Dave Koza, left, and Dale Mammen check temperatures in the turkey department as preparation heats up this morning for Thursday’s Neighbor to Neighbor Thanksgiving dinner at the Presbyterian Friendship Center in La Grande. CHRIS BAXTER - The Observer
One flight of stairs leads to the basement of the Presbyterian Church at 1308 Washington Ave.
The 25 to 30 people who walked down this flight during a late November afternoon two decades ago helped give wings to what is now a cherished tradition in La Grande — the annual Neighbor to Neighbor community Thanksgiving dinner.
The dinner started unceremoniously about 20 years ago when 25 to 30 people who did not have family members in town they could dine with, met for Thanksgiving dinner in the basement of the Presbyterian Church. Afterwards they all went roller skating at a rink in La Grande, which has since closed.
The community members had such a good time that day that they continued meeting for dinner each Thanksgiving Day.
The dinner has since grown and evolved to the point that today between 200 and 250 people come for the turkey day dinner each year at the Presbyterian Friendship Center, 1204 Spring St. A chapter will be added to the tradition on Thursday when another free community Thanksgiving dinner is served. The meal, to be provided by Neighbor to Neighbor Ministries, will be offered between noon and 1 p.m. at the Presbyterian Friendship Center.
Each year a broad cross section of the community is represented at the dinner.
“It is not just for the low income and elderly. It is for everybody,’’ said Donna Fuhrman, who helped start the dinner two decades ago and continues to help put it on with assistance from her husband, Lowell.

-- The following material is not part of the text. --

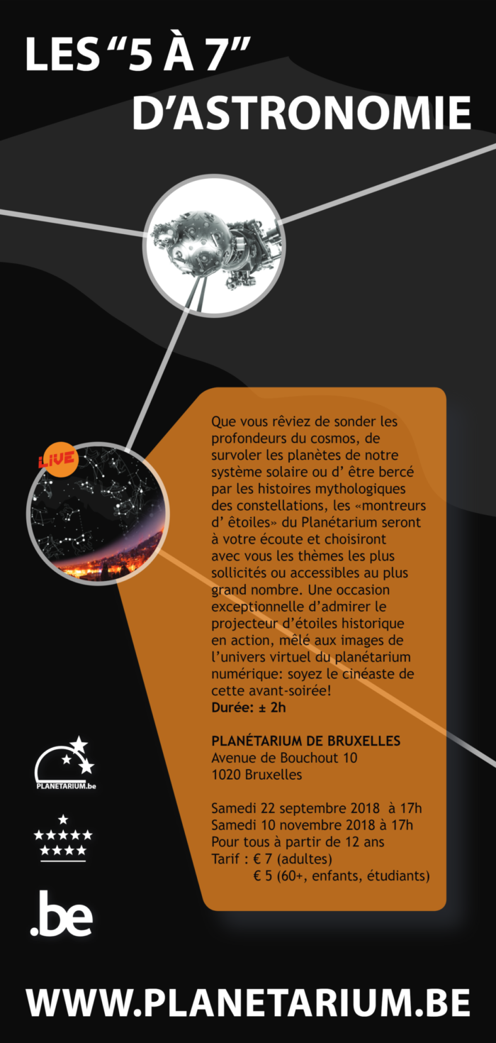 samedi 22 septembre 2018 @ 17h00 > 19h00 – Un voyage sensationnel pour dévoiler les secrets de l’univers Que vous rêviez de sonder les profondeurs du cosmos, de survoler les planètes de notre système solaire ou d’être bercé par les histoires mythologiques des constellations, les «montreurs d’étoiles» du Planétarium seront à votre écoute et choisiront avec vous les thèmes les plus sollicités ou accessibles au plus grand nombre. Une occasion exceptionnelle d’admirer le projecteur d’étoiles historique en […]

The primary leaders of this year’s dinner are Dale and Ginny Mammen and David and Zee Koza.
Everyone attending will have a chance to enjoy turkey, ham, mashed potatoes, green beans, fruit salad, rolls and pumpkin pie. Turkey and ham will be served. The rest of the meal will be available via a buffet.
Diners will be able to come back for as many extra helpings as they want.

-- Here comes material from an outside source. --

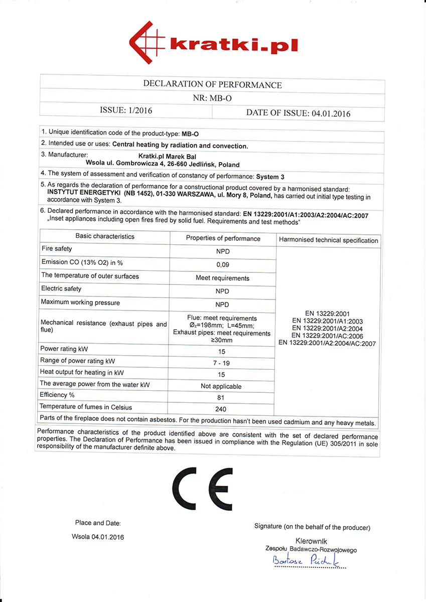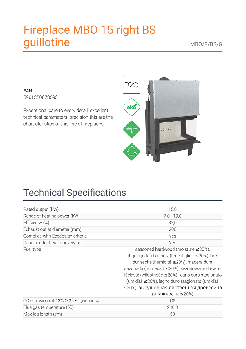 Το Kratki MBO P BS G αποτελεί ενεργειακό τζάκι ξύλου από χάλυβα, δυο όψεων με δεξιά γωνία. Διαθέτει ισχύ 15kW, θερμική απόδοση 83%, ανοιγόμενη και συρόμενη πόρτα, και θερμοανθεκτικό κεραμικό κρύσταλλο, διακοσμημένο με μεταξοτυπία.

Between 12 to 13 local churches that are a part of Neighbor to Neighbor Ministries come together to prepare and serve the community meals each year.
“These churches are our backbone,’’ said Fuhrman, who emphasized that many volunteers also play a large role in the program.
The Thanksgiving Day meal is one of three community dinners Neighbor to Neighbor Ministries serves each year in La Grande. The other meals are served at Christmas and Easter. Neighbor to Neighbor took over the community meal program at least 15 years ago.